Long underfunded, state universities like UT-Arlington or the
University of North Texas have found a way in the past to manage with an admirable frugality. But when the Legislature in the last
session gave those and other state universities the latitude to set their own rates, the floodgates opened.

Did public universities need more money? Most experts would say
"yes."

Yet could it be that this onslaught of higher tuition and fees will price many would-be students out of the public education arena? The laws of economics say that it must.

There's a direct correlation between future earnings and
education, so in the long run those would-be students who are priced out of college degrees will earn far fewer dollars and thus pay far less in taxes.

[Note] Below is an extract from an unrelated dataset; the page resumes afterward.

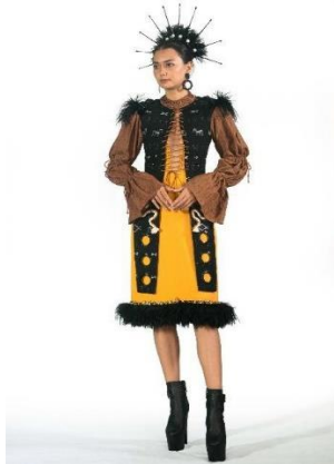
Gambar 7. Busana Semi Haute Couture Sumber : Pushpa, 2022

Elemen bidang terdapat pada bagian tampak bawah outer berbentuk persegi panjang yang sejajar. Elemen tekstur yaitu pada bagian kain yang digunakan seperti kain tenun ikat Ngadha dan kain cotton crl aprilia . Elemen warna yang digunakan yaitu warna sekunder, netral dan tersier seperti pigmen warna kuning, hitam dan coklat pada textile . Prinsip irama terdapat pada pengulangan detail teknik manipulasi ui pada outer bagian sisi kanan kiri

And there's yet another problem with the Legislature's giving
four-year universities so much tuition leeway: lack of
accountability. Cities, school and junior college districts, counties, state and
federal government all have elected representation, and local governments are subject to various petition and rollback requirements.
Not so for higher education. Though it could be argued that
tuition is a fee as opposed to a tax, what's happening is
equivalent to taxation without representation.

In this, lawmakers abdicated their responsibility.
It's an issue that the Legislature needs to revisit in the coming session. The obvious solution is for the state to fully fund higher education. But if legislators are unwilling to do that, they
should at least place some controls on the increases in tuition.

The big tuition hikes across the state show that power without accountability is dangerously tempting.